The Six Techniques, Up Front
- Quarterly identity audit
- One-page voice card
- Distinctive brand assets you protect
- Founder visibility on a cadence
- Customer language capture
- Sustained investment in proof, not just reach
None of these are novel. Most are unglamorous. They compound when applied in sequence over 18-36 months and produce the brand premium that lets a company charge more, ship slower, and recover from mistakes faster than competitors. The detail is in how you actually run them.
Technique 1: Quarterly Identity Audit
The quarterly identity audit is a 90-minute meeting where the brand and marketing team review the previous quarter's externally-shipped work and ask: does this look and sound like one brand?
The discipline:
- Print 10-15 randomly-selected ads, posts, emails, and pages from the quarter.
- Lay them out on a table with logos covered.
- Identify the inconsistencies.
- Decide which one you'd ship again, which one you'd kill, and which voice/visual rule the inconsistencies imply you need.
This is the cheapest brand-quality intervention available. Most teams skip it because it's uncomfortable. The discomfort is the value.
Technique 2: One-Page Voice Card
Brand voice guides longer than one page don't get used. The format that does:
- Three "we always" rules. The behaviors that define your voice.
- Three "we never" rules. The traps you avoid.
- Five sample sentences. Same idea in five varying phrasings, all in your voice.
One page. Pinned in Slack. Referenced before any external copy ships. We've watched a one-page voice card produce more consistent output than a 50-page brand guideline document.

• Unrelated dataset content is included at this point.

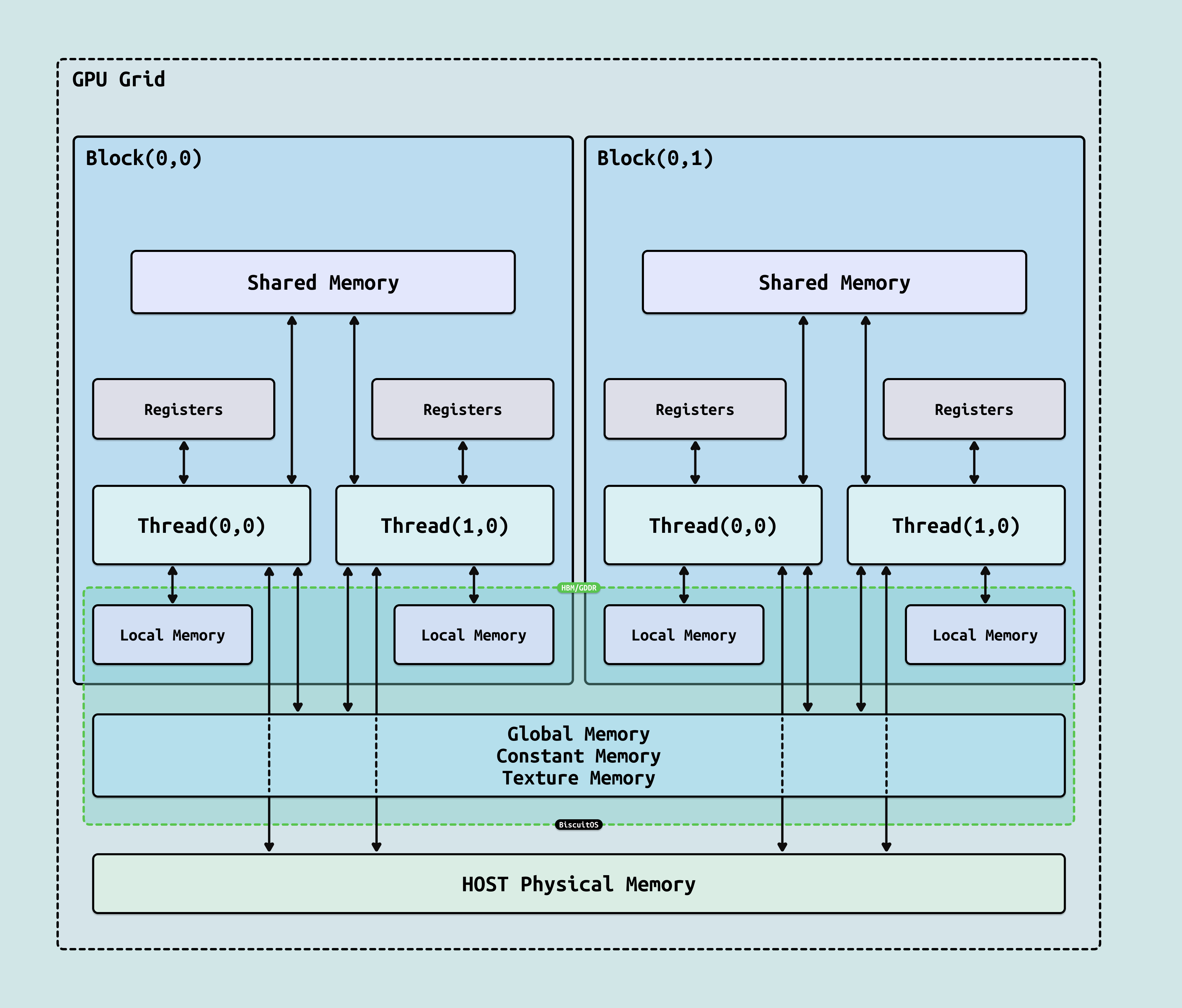 HBM/GDDR: 在 GPU 内部,其物理地址空间可以看到自己的 HBM/GDDR, 以及 Host 侧的物理内存,但只有 HBM/GDDR 可以映射为 WB,因此可以确保 CACHE 一致性. GPU 进程可以直接访问本地显存,这包括本地内存(Local Memory)、全局内存(Global Memory)、常量内存和纹理内存, 这些内存的数据可以直接送到 GPU 的 CACHE 和 Register 里. 然后 Host Memory 为 WB,GPU 无法保证其 CACHE 一致性,因此无法进行 LD/ST 访问.

Technique 3: Distinctive Brand Assets
The most underrated brand strategy concept of the last decade is "distinctive brand assets" — specific visual or sonic elements that customers can recognize without your logo. Apple's product silhouettes. Mailchimp's hand-drawn illustrations. Headspace's color palette. Allbirds' typography.
The technique:
- Identify 3-5 visual or sonic elements that are uniquely yours.

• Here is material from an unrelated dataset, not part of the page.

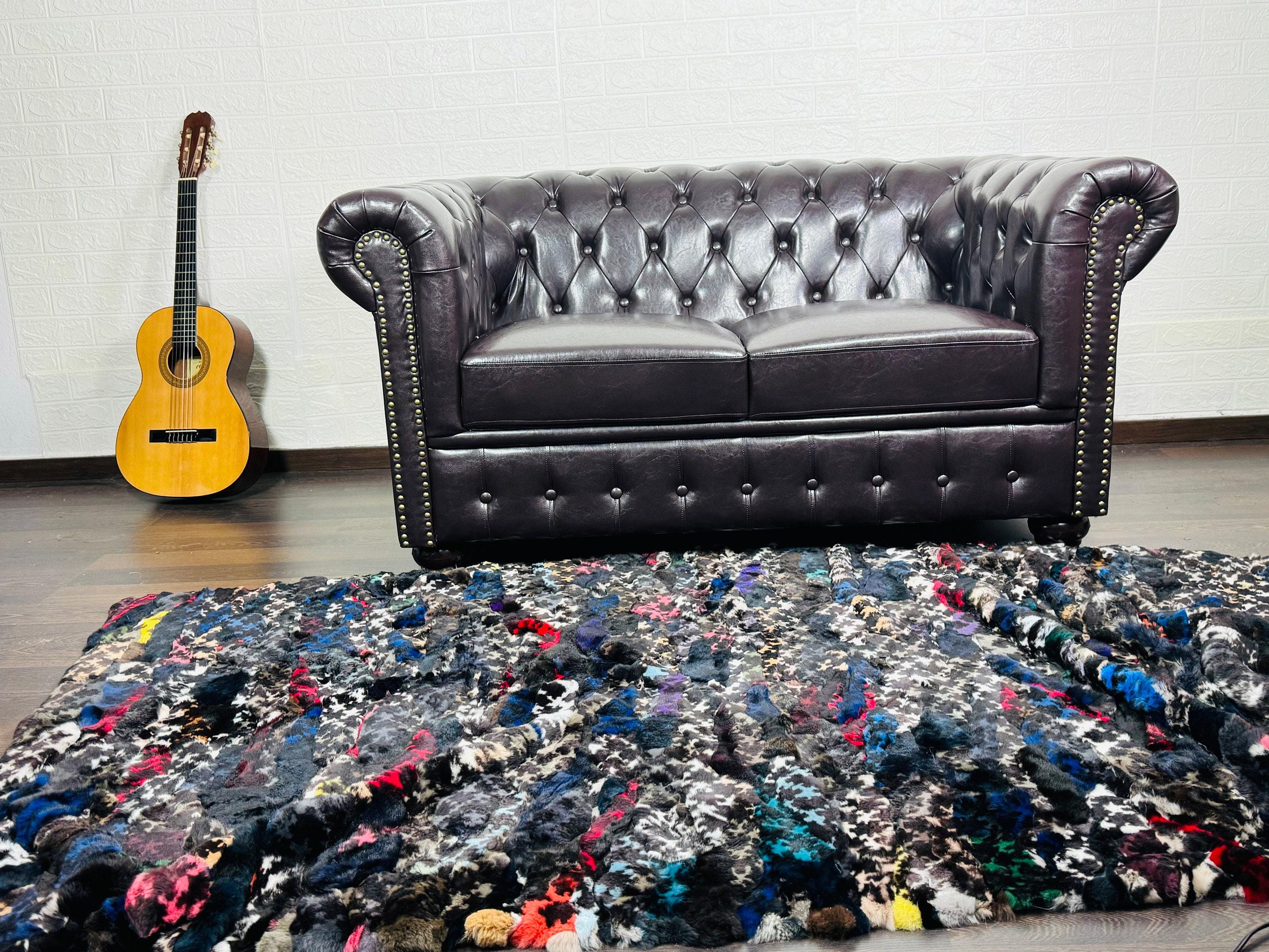 Handmade Real Multicolor Unique Puzzle Design Rex Rabbit Fur Blanket that can be used as a throw as well. Perfect for Bedspread or Sofa Cover.

- Document them in the voice card.
- Protect them. Don't let teams "modernize" or "evolve" them on a whim.
- Use them consistently across every customer surface.
Distinctive assets compound. A logo without distinctive assets is just a logo.
Technique 4: Founder Visibility on a Cadence
For founder-led brands — which most early-stage brands are — the founder is a brand asset. Underutilizing them is leaving brand value on the table.
A sustainable founder-visibility cadence:
- One LinkedIn post a week.
- One company-wide note a month, externally shareable.
- One podcast or interview per quarter.
- One on-camera company update per quarter.
This is roughly 4-6 hours a month of founder time. The brand premium it generates over 24 months meaningfully exceeds the cost.
Technique 5: Customer Language Capture
The single highest-leverage source of brand copy is the language your customers actually use to describe your product. Not the language you wrote on the website. The language they used in support tickets, sales calls, reviews, and survey responses.
The discipline:
- Quarterly review of 30-50 customer quotes from real interactions.
- Pull out the recurring phrases and metaphors.
- Update website copy and ad copy to use them.
This single practice usually does more for conversion rates than redesigning the website.
Technique 6: Invest in Proof, Not Just Reach
Most marketing budgets over-allocate to reach (more impressions, more clicks) and under-allocate to proof (more credible evidence that the product works).
Proof investments that compound:
- Customer case studies, written and filmed. The closer for B2B and high-AOV B2C.
- Original research. A small, well-conducted survey or data analysis your category cites.
- Detailed product documentation. A serious knowledge base signals seriousness.
- Public security and privacy reviews. For software, a SOC 2 report is brand work.
Proof scales differently from reach. You don't need more of it every year. You need it to be excellent, evergreen, and easy to find.